Summary of the First Tetrahymena Genome Project meeting

 

The First Tetrahymena Genome Project Meeting took place in Chicago, IL on October 16, 1999. Its purpose was to outline and organize the Tetrahymena genome-sequencing project. It was convened by the participants of the August 1999 Ciliate Genomics Workshop, held in conjunction with the FASEB (international) conference on Ciliate Molecular Biology. The Chicago meeting was attended by 10 established investigators from the US and Canada.

 

The Tetrahymena genome sequence will have important scientific significance for reasons that include its value as a free-living, microbial animal model system for biomedical research and the comparative genomics potential conferred by its key evolutionary distance from other eukaryotes whose genome have been -- or are being -- sequenced. The group reaffirmed the FASEB Genomics Workshop decision to give the highest priority to the complete sequencing and annotation of the entire 200 Mb macronuclear (MAC) genome, i.e. the expressed or somatic genome.

 

It was agreed that macronuclear DNA should be used as the primary source of DNA for shotgun sequencing. The genome is roughly 15 times smaller than the human or mouse genome. It is small enough, and repeated sequences are sufficiently rare, to be sequenced entirely by whole-genome shotgun sequencing, using currently available technology.

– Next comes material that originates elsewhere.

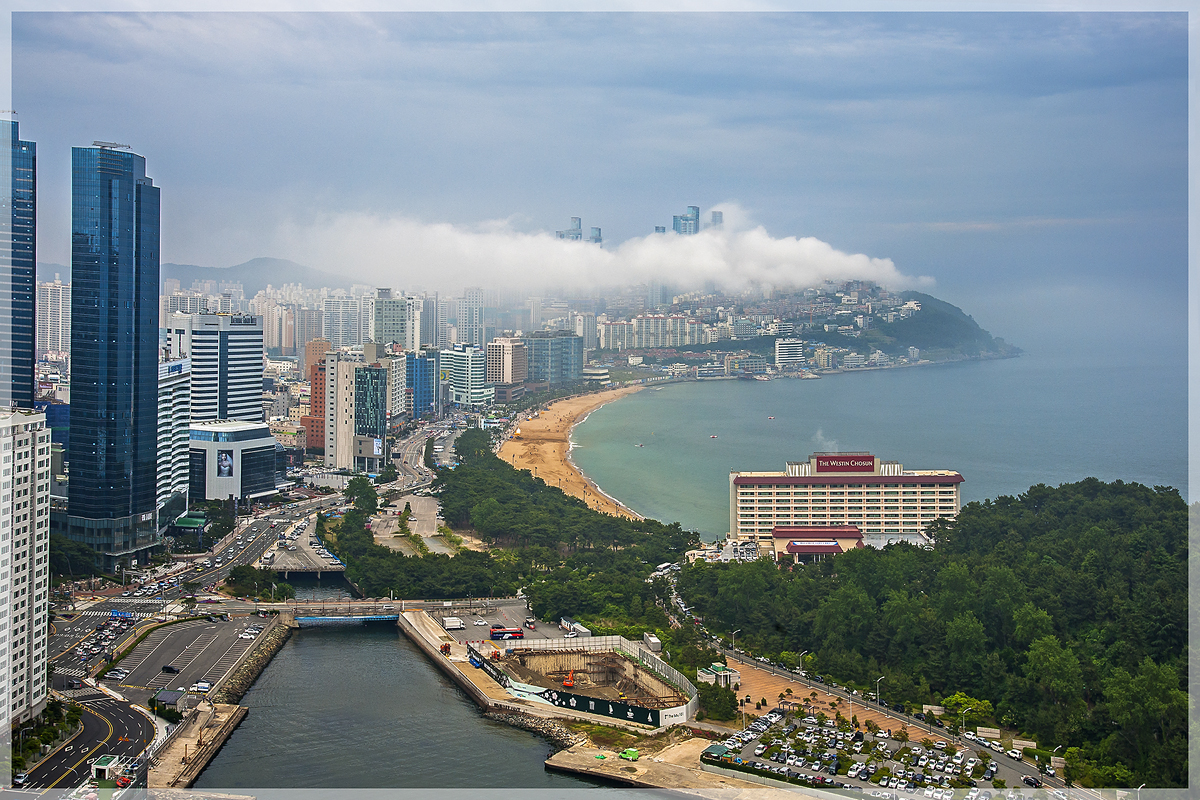 어제 해질녁에 해무가 습격한 해운대의 모습입니다.

The entire project could probably be finished in three to four years. Only large sequencing centers could do the job in the short time and with the cost savings made possible by automation. The most valuable sequence information, i.e., genes, should become available as quickly as possible to the scientific community. Thus, a rough draft consisting of raw sequencing and automated electronic assembly and annotation would have high priority. All the sequence data obtained through this project should be placed in the public domain and it should be available free of charge and other restrictions for use in not-for-profit scientific research. Preliminary discussions with officers at NIH have yielded encouragement for at least an initial pilot project. Additional funding possibilities will be explored. The group also discussed useful proposals of reduced scope if the availability of funds dictates slower progress for the project.

 

Progress regarding other important Tetrahymena genomic resources was reviewed. These projects are regarded as investigator-initiated research projects that can be submitted, reviewed and funded through the normal research grant mechanism. Funded projects currently generating important genomic resources include: physical and deletion mapping of the genome, and antisense-mediated mutagenesis. Efforts to clone mutant genes by complementation or recombination rescue are also underway. Projects at earlier stages of implementation include: complete, large-insert (BAC and YAC) genomic libraries; a complete library of MAC telomere-adjacent inserts; faster genetic mapping of mutant genes to MAC chromosomes; inducible-repressible promoter systems; complete sequence of the MIC DNA segment that corresponds to a MAC chromosome; and Tetrahymena EST projects. Resources also discussed included a genome database and bioinformatics, a course in Tetrahymena-specific genetics and molecular biology, and an electronic bulletin board for the quick exchange of data and ideas.

 

Ed Orias was selected to be the Coordinator of the project. He will have primary responsibility for securing funding and sequencing facilities, as well as for the preparation and submission of project proposals. He will continue to work closely with Peter Bruns and Marty Gorovsky, and with the group attending the Chicago meeting, constituted as a Steering Committee. Major decisions about the project will be made after consulting with the entire Ciliate community.